Abstract

Abstract Background An increasing number of clinical studies focus on investigating the use of immunotherapy in the treatment of esophageal cancer. This phase II trial (NEOCRTEC-2001 clinical trial) aimed to assess the safety and efficacy of sintilimab in combination with cisplatin and paclitaxel induction immunochemotherapy followed by surgery for locally advanced borderline-resectable esophageal squamous cell carcinoma (BR-ESCC). Methods Patients with primary tumor or bulky lymph nodes that might invade nearby organs were eligible. Treatment started with 2–4 cycles of induction immunochemotherapy, followed by surgery if the tumor was assessed resectable, or by radical concurrent chemoradiotherapy if unresectable. The primary endpoint was pathologically proven complete resection (R0) rate. The secondary end points included pathological complete response (pCR) rate, overall survival (OS), progression-free survival (PFS), adverse events and postoperative complication.
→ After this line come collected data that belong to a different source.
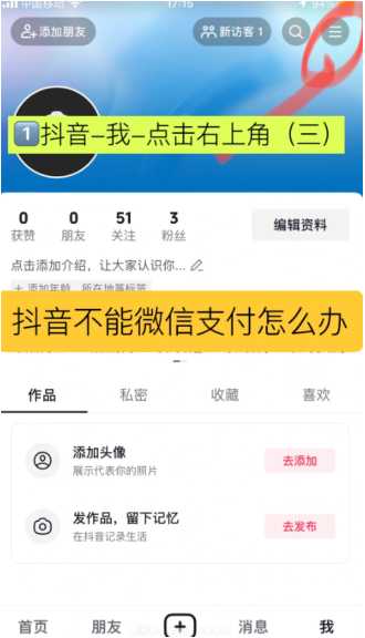 抖音微信支付突然没了什么原因可能是系统出现了一些问题吧,下面看一下具体的设置教程: 1、抖音-我-点击右上角(三)-进入更多选项。
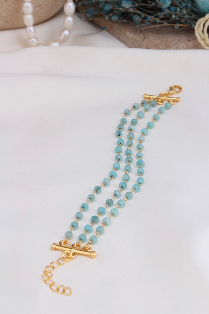Armband met meerdere rijen van doublé geelgoud ingelegd met amazonieten.
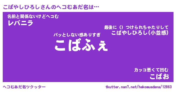 | ポケモン風あだ名 | 『コバチュウ』『コバヤダネ』 |
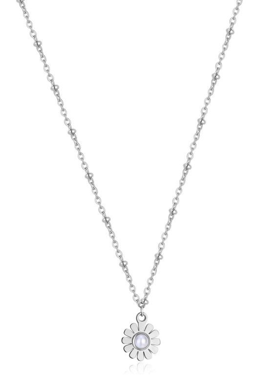 S'Agapõ Ocelový náhrdelník Kytička s perlou Message SSG25
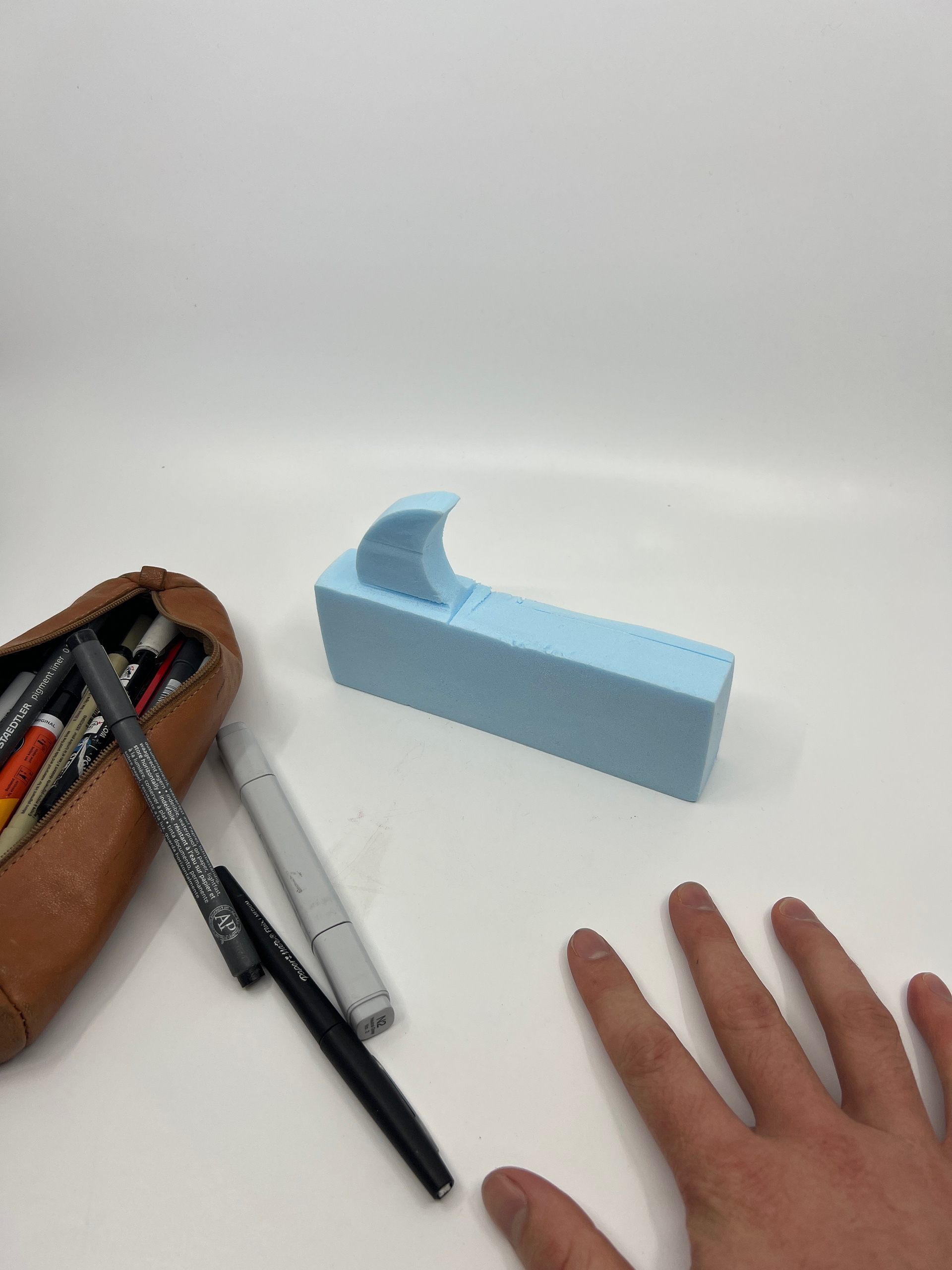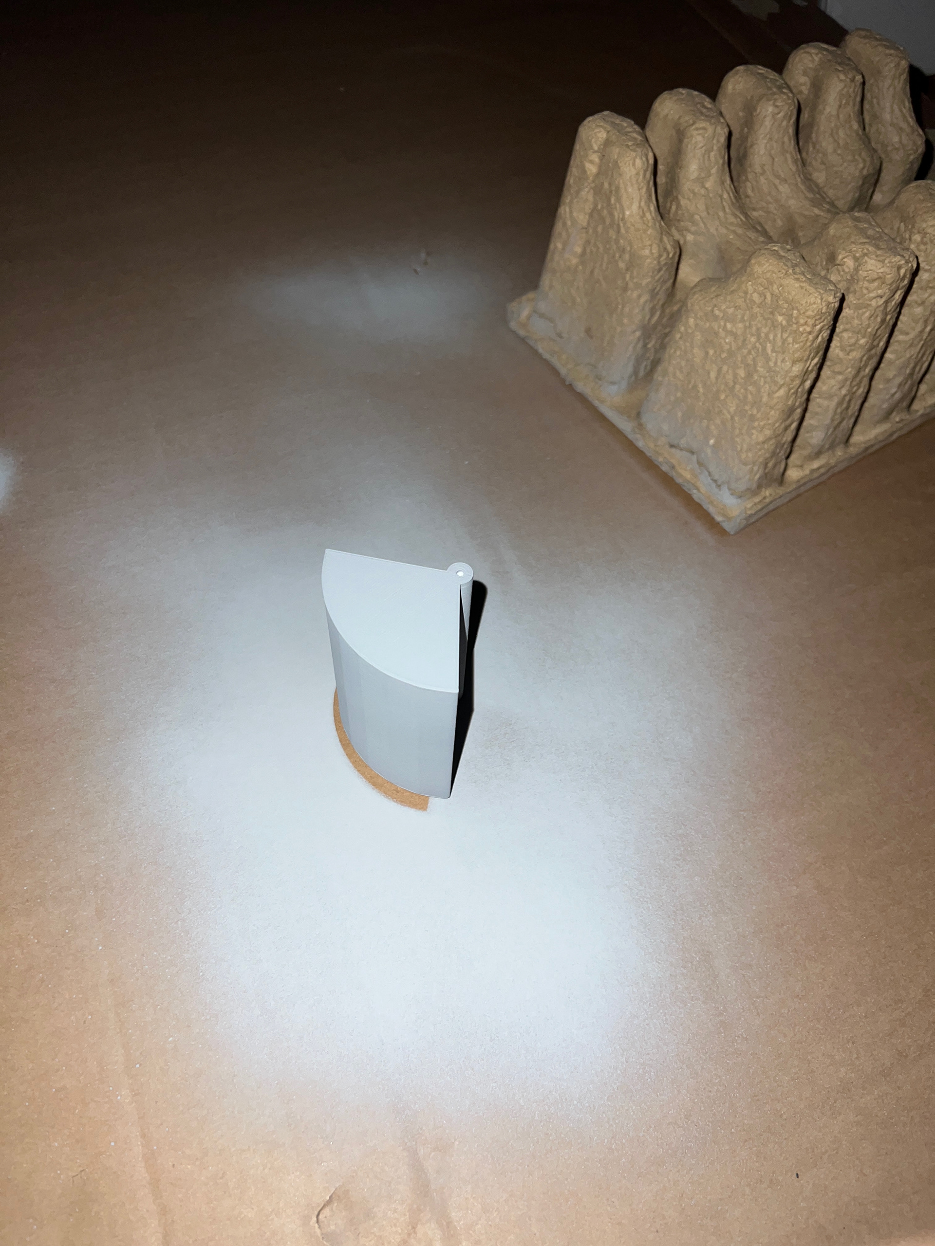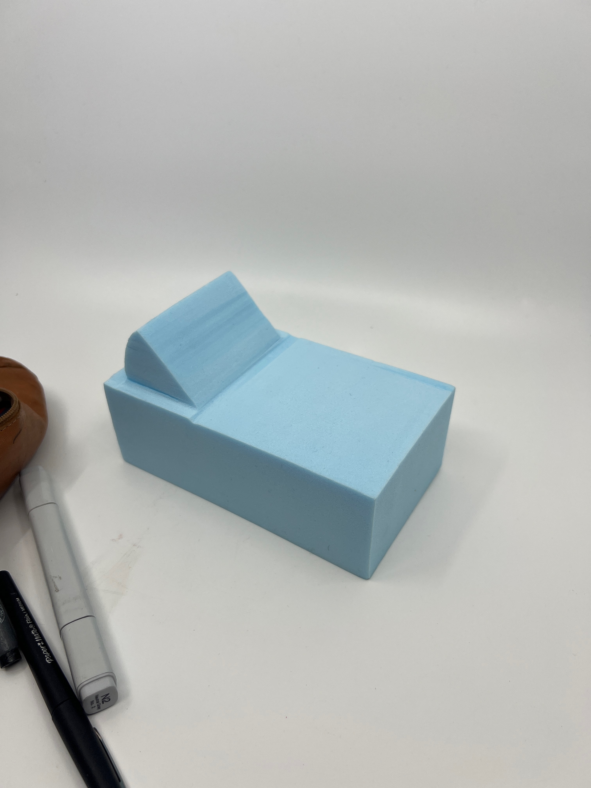 Testing the form and dimensions of concept 2. Tools used: Hot wire cutter, craft knife, sand-paper, double-sided tape

Results From September 2020 to now, a total of 34 patients were enrolled. After immunochemotherapy, 21 patients (61.8%) received surgery and 13 (38.2%) did not. All patients underwent McKeown procedure, and median operation time was 295 minutes (range 201–489 minutes). All patients received esophageal reconstruction using gastric tube, and underwent cervical anastomosis. An average of 46.6 lymph nodes were dissected, and positive lymph nodes were observed in 5 of the 21 patients. R0 resection was confirmed in 20 patients (58.8%). One patient underwent R2 resection because of tumor invasion of the aorta. Pathologic complete response was confirmed in 6 patients (6/34, 17.6%), while 5 patients (5/34, 14.7%) had few or no regressive changes (TRG3). Conclusion The treatment strategy of induction immunochemotherapy followed by surgery is promising for patients with locally advanced borderline-resectable esophageal squamous cell carcinoma. The whole results of pathologic response and prognostic value are awaited with interest.